With real estate investing, your asset not only appreciates naturally with the market, but you can also force appreciation. Think of it like this: Natural appreciation occurs over time as the general market for real estate inflates. Forced appreciation is the revenue that can be made from the money you put in. New windows? That’ll bring in value. Just got the roof re-done or renovated some interiors? That raises your selling price, too. The reason for this is as you renovate, you can increase the rents and the increase in rents forces the value up. There are many things you can do to force the appreciation of your property and this can make real estate investing a real cash cow.
Many people never invest, and the ones who do rarely venture from the stock market. Perhaps this goes without saying, but the most successful investor is always the most diversified, as well. It doesn’t matter if you are an accredited or non-accredited investor, you can still invest in this asset class. It’s no coincidence that those who diversify have the most chances at success long-term.
The government loves real estate investors. Why? Because they develop society by developing land for the public. Because of this, they tend to look favorably toward real estate investors come tax season.
Here are a few of the breaks you can expect:
• Property tax deductions
• Travel costs associated with your investment
• Cost of repairs and maintenance
• Depreciation deduction/Cost segregation study
• Legal and management services deductions
Banks are nice to real estate investors, too. As long as you have reliable credit, a consistent job, some experience or a qualified sponsor, you can expect to get a loan from the bank, often at a reasonable interest rate. Depending on interest rates at the time of purchase, you may also have several options when choosing the length of your mortgage.

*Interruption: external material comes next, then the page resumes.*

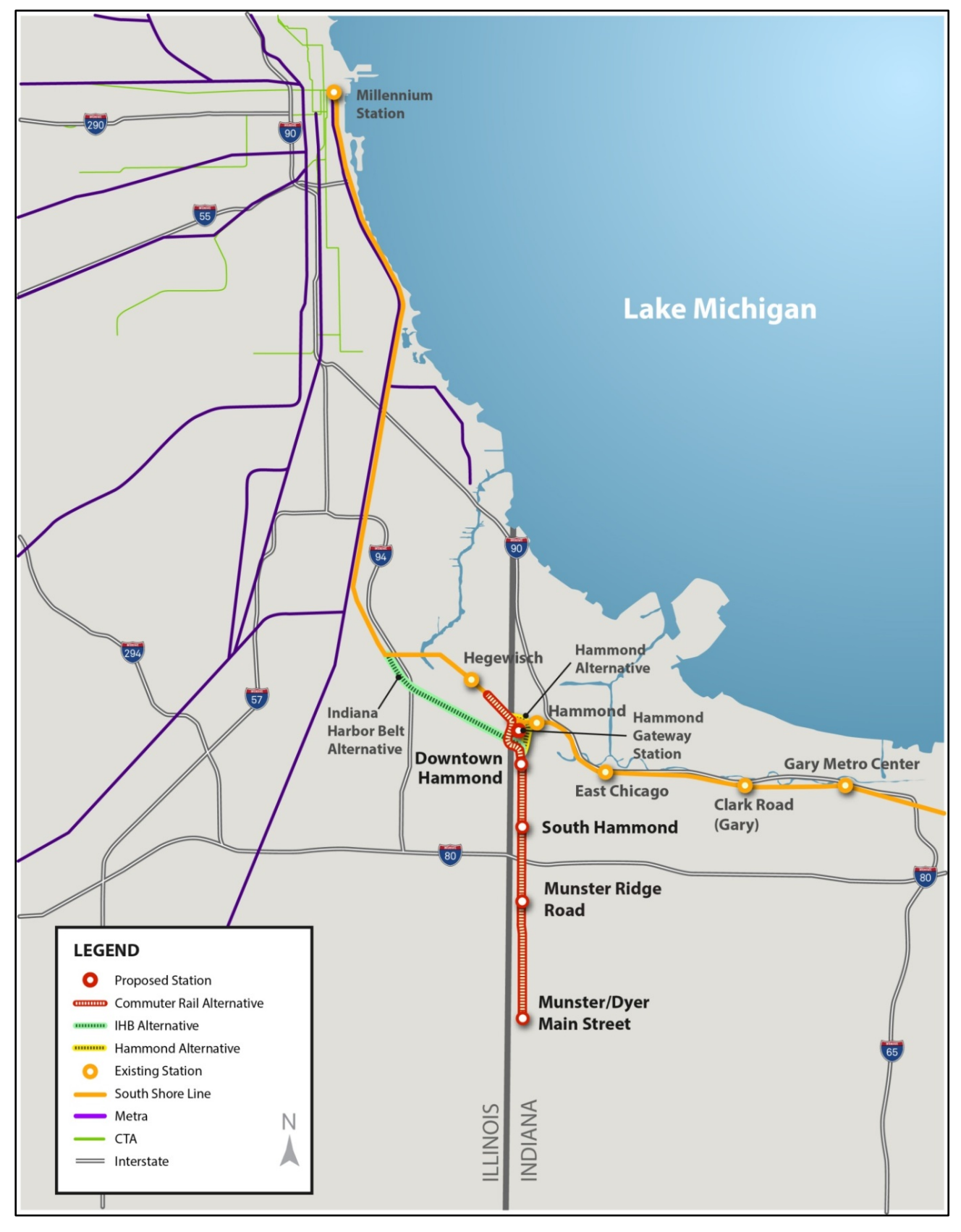
Figure 1.1-1: Regional Setting for West Lake Corridor Project

Real estate is a tangible investment. It is one of the easiest asset forms to pass down from generation to generation. Many people like the fact that they can leave their property in their will for their children and, in some cases, defer some of the taxes.
This is one of the best reasons to invest in real estate: passive income. That’s right, there are dozens of ways you can turn a real estate investment into passive income while a property manager or sponsor does the heavy lifting. Whether you are the sole owner or you are a part of a syndication group, passive income is normally the goal of any true real estate investor.
Real estate investing is one of the best-performing asset classes out there. Year after year, it yields some of the highest returns in any portfolio. Do it right, and you could end up retiring well before you ever considered possible.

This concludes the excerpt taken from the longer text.